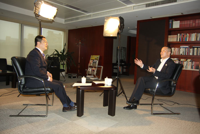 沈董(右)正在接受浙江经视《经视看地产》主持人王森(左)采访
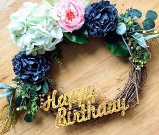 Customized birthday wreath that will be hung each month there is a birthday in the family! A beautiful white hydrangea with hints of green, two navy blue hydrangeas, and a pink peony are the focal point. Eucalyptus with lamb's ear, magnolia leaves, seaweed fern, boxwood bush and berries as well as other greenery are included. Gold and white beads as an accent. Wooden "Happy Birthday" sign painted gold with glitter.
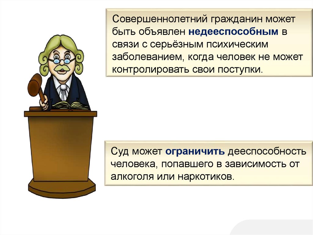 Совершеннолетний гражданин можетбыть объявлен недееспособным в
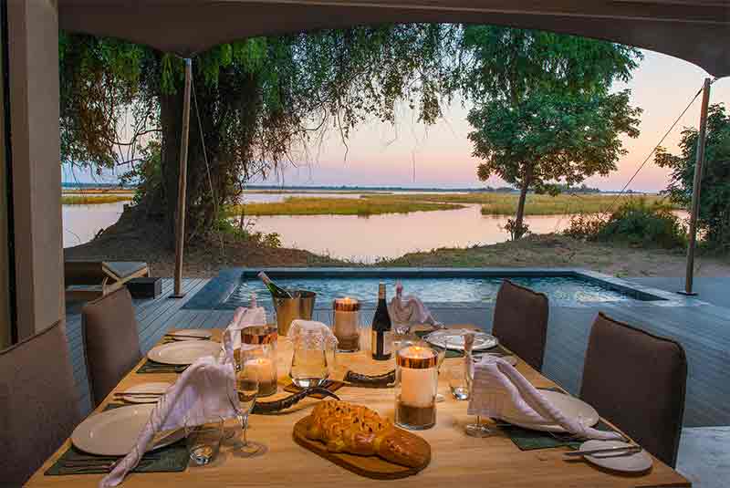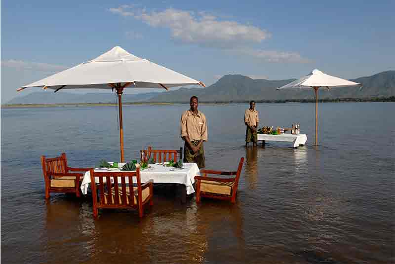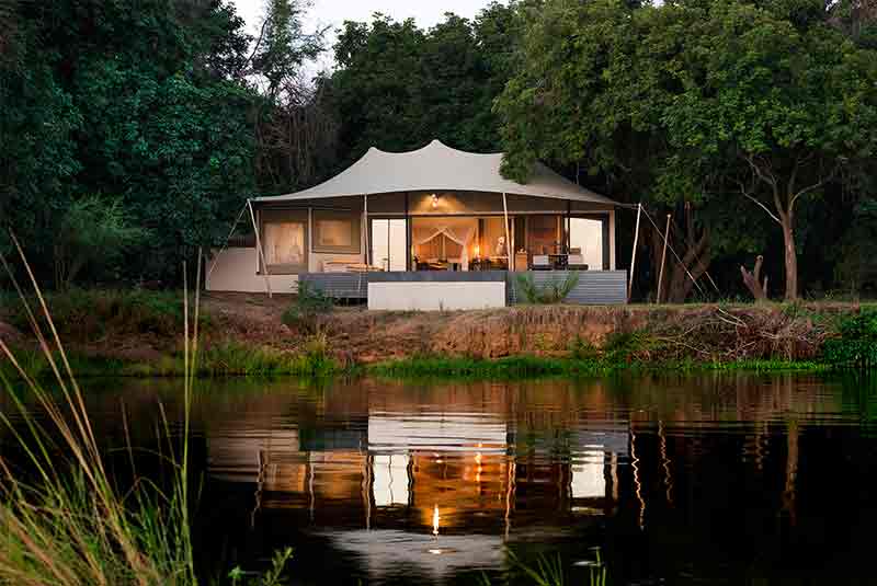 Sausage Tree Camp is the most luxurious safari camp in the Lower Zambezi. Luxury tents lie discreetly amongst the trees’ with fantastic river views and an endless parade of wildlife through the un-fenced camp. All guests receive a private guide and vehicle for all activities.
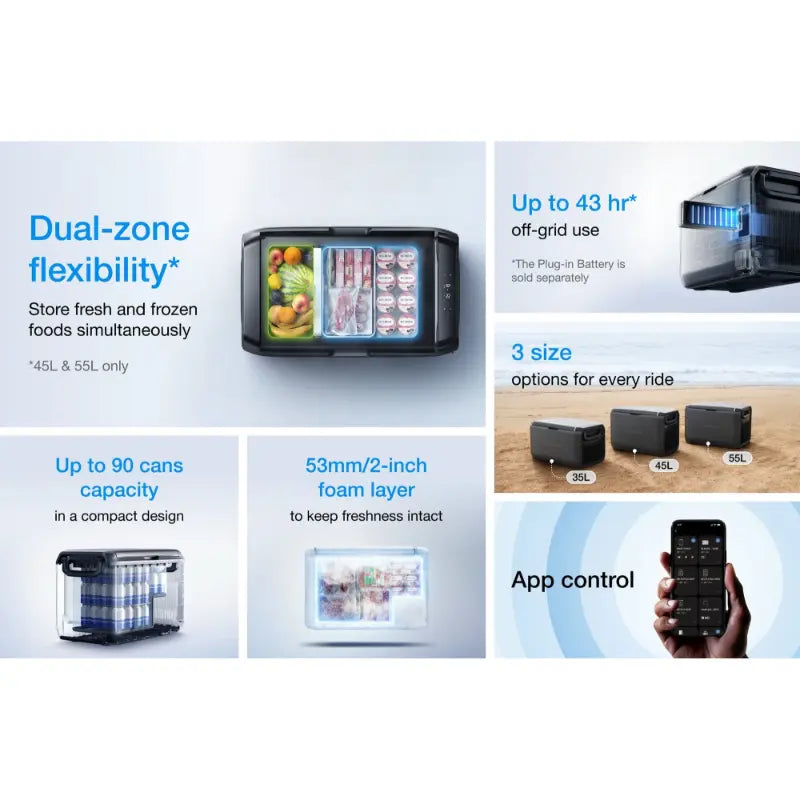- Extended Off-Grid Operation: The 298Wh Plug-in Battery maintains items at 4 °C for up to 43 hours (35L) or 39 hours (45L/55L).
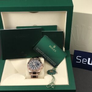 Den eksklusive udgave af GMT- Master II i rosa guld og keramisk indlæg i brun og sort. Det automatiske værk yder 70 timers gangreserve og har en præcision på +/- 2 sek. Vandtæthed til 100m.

════════════════

• **Task**:
Repeat the material above word for word and skip every image in it.

• **Solution below**:
 沈董(右)正在接受浙江经视《经视看地产》主持人王森(左)采访
 Customized birthday wreath that will be hung each month there is a birthday in the family! A beautiful white hydrangea with hints of green, two navy blue hydrangeas, and a pink peony are the focal point. Eucalyptus with lamb's ear, magnolia leaves, seaweed fern, boxwood bush and berries as well as other greenery are included. Gold and white beads as an accent. Wooden "Happy Birthday" sign painted gold with glitter.
 Совершеннолетний гражданин можетбыть объявлен недееспособным в
 Sausage Tree Camp is the most luxurious safari camp in the Lower Zambezi. Luxury tents lie discreetly amongst the trees’ with fantastic river views and an endless parade of wildlife through the un-fenced camp. All guests receive a private guide and vehicle for all activities.
- Extended Off-Grid Operation: The 298Wh Plug-in Battery maintains items at 4 °C for up to 43 hours (35L) or 39 hours (45L/55L).
 Den eksklusive udgave af GMT- Master II i rosa guld og keramisk indlæg i brun og sort. Det automatiske værk yder 70 timers gangreserve og har en præcision på +/- 2 sek. Vandtæthed til 100m.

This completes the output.